Sesardic (2010) makes the point that the fact that genetic variation within a group is of larger than variation between (the average of) the groups does not mean that the groups cannot be distinguished. This point is not, however, sufficient to rehabilitate a biological picture of race. I continue from the previous post to sketch the issues we face once we delve deeper into the relevant scientific knowledge, concepts, methods, and questions for inquiry…
2. Putting point #1 aside, suppose we imagine an original human gene pool that dispersed at some point of time from its origins in Africa around the world and was not subject to subsequent breeding among widely dispersed parts of the pool. Cluster analysis techniques could be used on genetic data to divide humans into, say, N groups. Such clustering techniques are sensitive to assumptions that determine whether groups are of roughly equal size or are a mix of a few large groups. If we looked for groups that had similar within-group genetic variation, most of the N groups would be in Africa. In other words, the traditional subdivisions of human races would have to be reformulated. However, experience using cluster analysis in large agricultural data sets (Cooper and Hammer 1996) suggests that many individuals cannot be consistently be assigned to one group versus another; the grouping changes according to what traits (in our case, variants at genetic loci or SNPs) and how much each group is represented in the data.
3. Suppose we now add migration subsequent to the initial dispersal, but without cross-breeding among the groups. Picking up this last point in #2, if individuals from non-African groups outweigh those from African groups in, say, the United States, then how well could we recover from the U.S. data all the groups delineated in #2? That would be an empirical question, but the experience from agriculture warns us not to be optimistic.
4. Of course, #3 is only a thought-experiment. There has been considerable migration and cross-breeding subsequent to the initial dispersal from the place of human origin in Africa, including but not confined to the recent centuries of cross-Atlantic slavery and master-slave relations. How well could we recover from current individuals the one or more groups (as delineated in #2) that make up the individuals´ ancestry? Again, this is an empirical question. Biomedical researchers do not have to be politically biased to judge that research efforts might be more fruitfully directed along other avenues, such as those indicated by biomedical correlates of socially defined race (i.e., not the groups that would emerge from the cluster analyses in #2).
5. Perhaps, we could ask less than we have in #4. Rather than full recovery of original ancestries, we might seek simply want to predict whether an individual patient has some major biomedically relevant genes that differed, on average, among the original groups. These predictions, necessarily probabilistic, would be limited in value given the recently-emerged consensus that most medically significant traits are associated with many genes of quite small effect (McCarthy et al. 2008). Moreover, given that the groups delineated in #2 would not match the traditional subdivisions of human races or those current in the U.S.—there would be several different groups of African origin—medical practitioners would need to disregard superficial assignments to racial groups. They might just as well test directly for the presence or absence of the biomedically relevant genes.

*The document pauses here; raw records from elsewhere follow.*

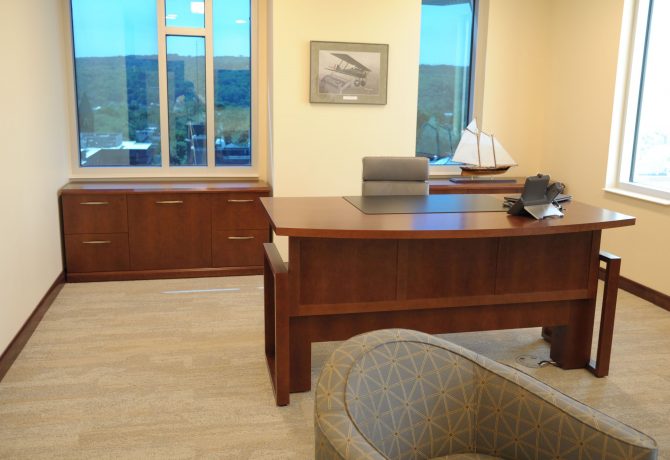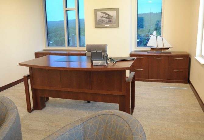 For the new offices of an institution featuring commanding views out over the Cayuga valley, CCN provided a Bespoke Boardroom Table as well as Private Offices and Executive Admin Stations. When the original source specified was unable to supply the Sit-To-Stand executive desks that had been specified, CCN stepped up to the plate and provided comparable units as well as corresponding credenzas and storage components.
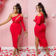 Solid Color Oblique Shoulder Mesh Stitching One-sleeve Slit Dress
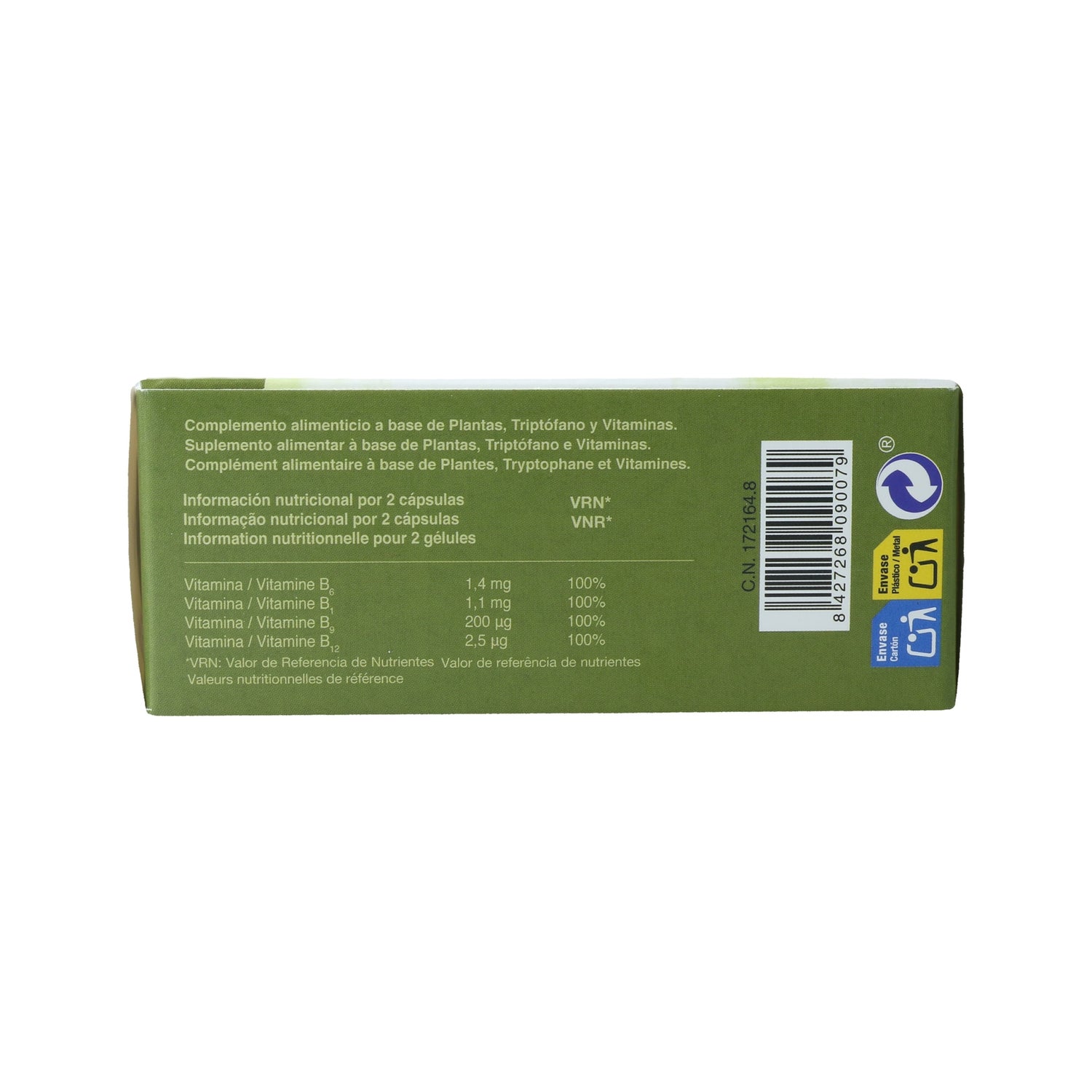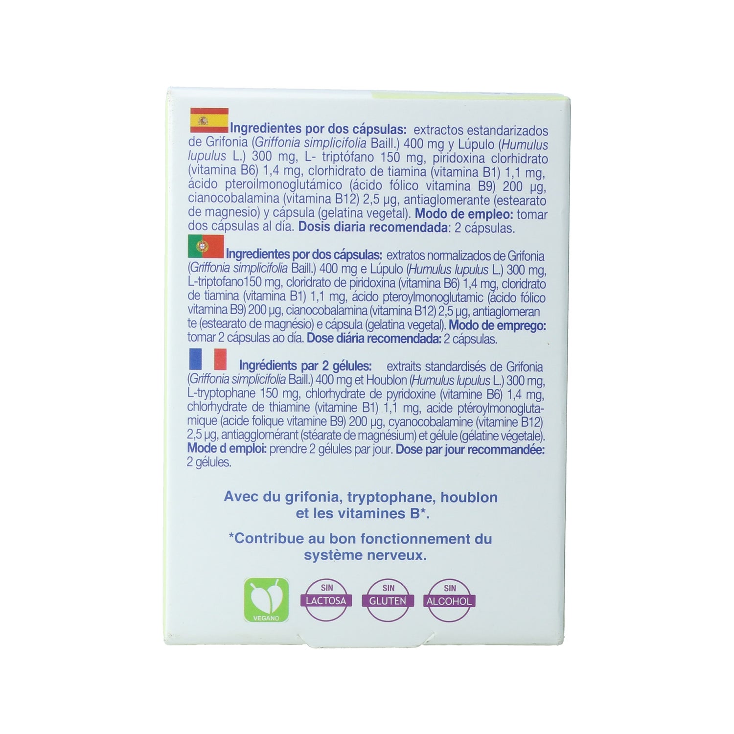 Extraits standardisés de : Griffonia (Griffonia simplicifolia Baill.) 400 mgHoublon (Humulus lupulus L.) 300 mgL- Tryptophane 150 mg Vitamine B6 1,4 mg (100% VNR*) Vitamine B1 1,1 mg (100% VNR*) Vitamine B9 200 μg (100% VNR*) Vitamine B12 2,5 μg (100% VNR*) Capsule (gélatine végétale).
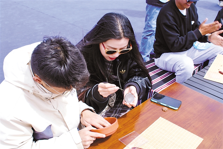 青年体验制作藏香。
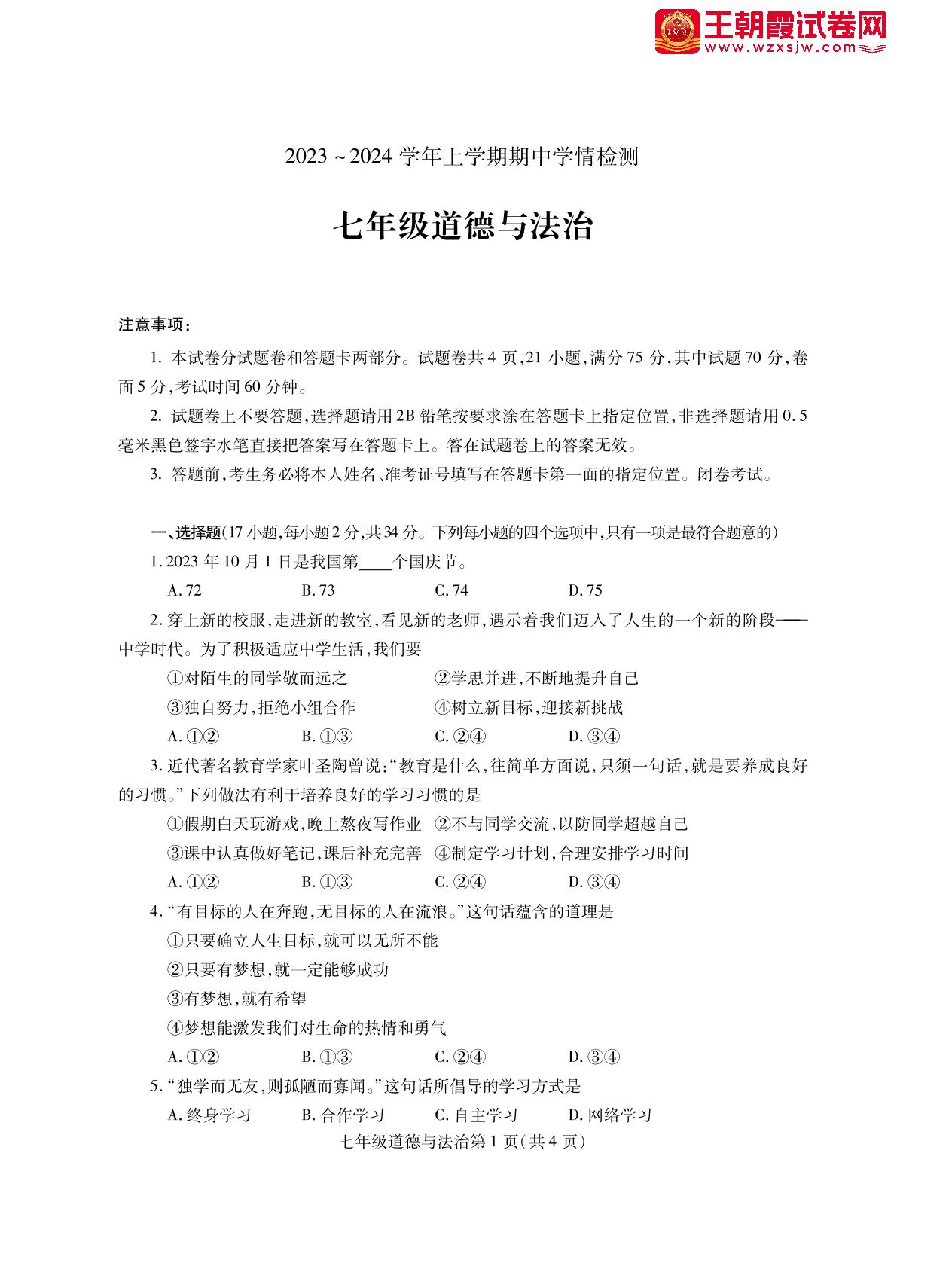 河南省平顶山市郏县2023-2024学年上学期期中学情检测试卷七年级道德与法治(人教版)

6. If we put #1-5 aside and imagine a world in which we were able to use genetic information to assign humans to original post-dispersal groups as reliably as in the statistics class we were able to assign individuals to male and female groups. What could we do with that knowledge that there is a difference between the average genetic profiles for groups A and B when there is large within-group variation for most genetic loci (at least, for those that vary within the human species)? Let me accentuate this question with using the IQ test score case Sesardic has paid considerable attention to (2005). Suppose we knew (which we do not) that only a certain small set of genes influenced IQ test scores. What could we do with the knowledge that there is a large difference between the average IQ test score for two groups and this difference is smaller than the within-group variation? (To visualize this situation, imagine one of the axes in the Figure is IQ test score.) I would not use my ability to assign humans to original post-dispersal groups based on genetic profiles as grounds for using an individual´s membership in a group to make educational or employment decisions for the individual. But I will not speak for Sesardic; I do not know what he thinks would follow if a biological view of race were to be rehabilitated along the lines he discusses.
7. There are clearly many issues to be delved deeply into before the relevant science about human genetic variation would support a biological notion of human ancestral groupings. A biological notion of socially and historically varying racial categories lies well outside the scope of “what the best contemporary science tells us about human genetic variation.”
Cooper M, Hammer GL (eds) (1996). Plant Adaptation and Crop Improvement. CAB International, Wallingford, UK.
McCarthy MI, Abecasis GR, Cardon LR, Goldstein DB, Little J, Ioannidis JPA, Hirschhorn JN (2008) Genome-wide association studies for complex traits: consensus, uncertainty and challenges. Nature Reviews Genetics 9: 356-369.
Sesardic N (2010) Race: A Social Destruction of a Biological Concept. Biology and Philosophy 25:143-162.